After Effects 4.0 full review

After Effects 4.0 is a major upgrade to a popular program, and manages to combine an increase in power, performance and features with improvements in usability and integration with Adobe’s other creative tools. It’s a remarkable feat, and Adobe is to be congratulated for satisfying the demands of the high-end professional user while providing a great introduction to digital video production. Given that Adobe already has a video-production tool in Premiere (see review of version 5.0, September 1998) it’s worthwhile taking a few moments to see how the two interrelate. Premiere is a top tool for importing, editing and sequencing video and sound, but its animation features are generally fairly weak. It’s great for working with source video, but not as a means of creating video footage from still images. Its effects tools are likewise fairly limited. After Effects is the opposite, which is why the two programs complement each other so well. While After Effects’ video-editing tools are pretty limited, it excels at creating video using static images and applying movement and effects to them. Its other key function is for the addition of visual effects to a piece of video. After Effects comes in two versions – the Standard Version and the Production Bundle. The latter, which requires a hardware dongle, adds a number of visual-effects features aimed at the video-production market. Without the dongle, the program operates in Standard mode – a nice touch. Version 4.0 reveals a tighter integration with other Adobe products, notably Photoshop, Illustrator and Premiere.
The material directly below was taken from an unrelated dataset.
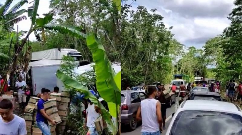 Caminhão tomba na BR-101, próximo a Gandu, e carga de biscoitos é saqueada
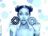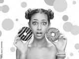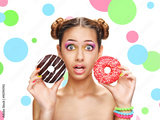 Beautiful girl with colorful donuts.

Photoshop users in particular will feel right at home with the new interface with its tabbed windows and palettes. Let there be layers
As with Photoshop, layers are the key to building compositions in After Effects. The new adjustment layers in version 4.0 allow you to experiment with effects. You can turn any new or existing layer into an adjustment layer and any effect applied to one can be applied to all the layers that appear beneath it. Version 4.0 also has new masking capabilities. Now up to 128 masks can be added to a layer so you can mask out parts of an image. Individual mask layers can be named in the Time Layout windows so you can keep track of them. You can also copy and paste existing masks from Photoshop and preserve adjustment layers and effects when importing. Similarly, After Effects can now also import Illustrator files, and preserve layers, which makes it the perfect tool to animate drawings and graphics. Combining the new masking features with adjustment layers to make protection mattes also allows users to create unusual effects. Having previously used tools such as Director and Flash for this kind of work, the extra precision and layer effects that After Effects offers is a real boon to creativity. After Effects’ Time Layout window has a new look and you can assign a colour label to each layer name. The timeline aspects are reminiscent of those used in the animation part of many 3D modelling programs, such as Infini-D, though the level of detail here is generally higher. Version 4.0 sees a number of new audio-editing features, and the audio interface has been revised. New features include looping and time remapping, as well as downsampling. While not as comprehensive as a dedicated audio-editing suite such as Peak or Cubase VST, it does provide the basic functionality for video production. Previewing
Once ready, movies are rendered to the hard disk as QuickTime files. A powerful new feature, the RAM preview, allows the playback of compositions in real time without the need for rendering. On a fast Mac with plenty of memory, this is a great way of fine-tuning parts of a movie. While the basic functionality between the Standard Version and the Production Bundle is the same, the latter comes into its own for adding effects and applying filters. There are also a number of advanced audio capabilities accessible only in the Production Bundle, including Flange and Chorus, Parametric EQ, Modulator and Reverb. In total the Production Bundle adds 34 effects and filters to the Standard Version, the most powerful of which are undoubtedly the warping effects. The Bézier warp adds control points to an image, which can then be individually manipulated over time, producing great distortion effects. The Mesh Warp is similar, but uses a deformation grid rather than control points. The Reshape effect fits one image inside another shape – for example, a face being squashed into a bottle. Another powerful new effect available only in the Production Bundle is the Particle Playground, which allows multiple objects to be moved, either as a stream of particles or as a grid. By default these particles are dots, but they can easily be replaced with a composition, image, or text in order to produce some amazing effects such as a swarm of bees, flocking birds or exploding text.